Sandro stepped through the door into his apartment, shutting it quickly behind him. He paused, surveying the library-like rows of shelves filled with books. Other shelves supported boxes of tools and equipment and clothing: all the research material he'd acquired over years in order to impersonate the people he'd met. A few boxes littered the floor, waiting to be sorted and shelved. The clutter took up nearly all the big living room's floor space, leaving no place to put a couch or chair, and made navigating his way to the other rooms a challenge. How ironic, he thought. I stand in my own home, my most private of places, and it's so full of other people's lives there isn't any room for me.
Halfway down the center aisle, a book slid half off the shelf as if pushed from behind the bookcase. But Sandro knew that the only thing behind it was another bookcase. He moved cautiously down the row until he could pull the book out. He took it into his hands and studied the cover: it was a beginner's guide to Web page design.
"You said you loved me," the book said in a young woman's voice.
He gasped and dropped it to the floor.
On the other side of the aisle, another book slid out. In a man's voice it said, "We sat across from each other on the metro for three stations. We spoke maybe a hundred words each. I gave you directions to a restaurant."
From a box behind him, a tennis racket spoke in a woman's voice. "We shared a table at my club for half an hour. You were half my age, but you were so charming, I thought you were trying to pick me up, and I was about ready to let you - until I noticed how your eyes kept straying to the man practicing returns from the machine. And you excused yourself as soon as he walked off the court. I would have sworn you were straight. I never felt so humiliated in my life."

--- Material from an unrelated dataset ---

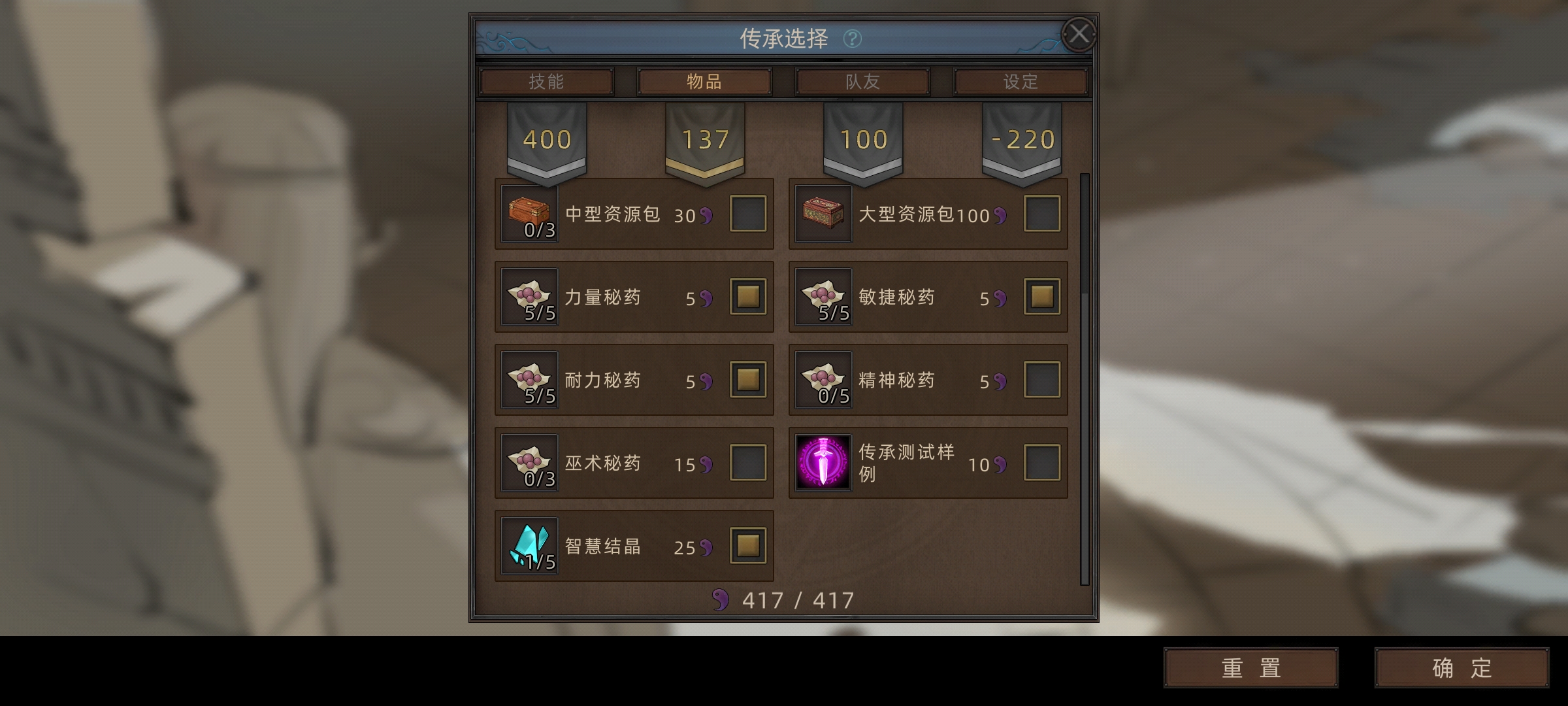 然后剩下的成就用来物品栏选择,力敏耐拉满,然后智慧结晶是加技能点的,这里楼主就选了一个,因为成就不够用了,新人可以优先拉满。这东西到中期就不缺了,结档的时候都还剩下五十多个。上面楼主点了个小形资源包。够交第一个地区保护费解除通缉状态就行,因为无名剑主开局是被所有势力通缉的。然后最后剩27点全部选择背包格子,背包在前中期效益非常大。

"I'm sorry," Sandro murmured.
From another box, a book he hadn't got around to shelving riffled its pages, as if waving for his attention. He looked down at it: its cover showed a young ballerina in the middle of a performance. "We met on the roof of the hospital," it said in a young girl's voice. It took him a moment to realize it was speaking Russian. "I was so thrilled to hear a Moscow accent, and to be able to speak with someone. I tried to dance for you, but my leg hurt too much to put my whole weight on, and I was clumsy. And then you were called away."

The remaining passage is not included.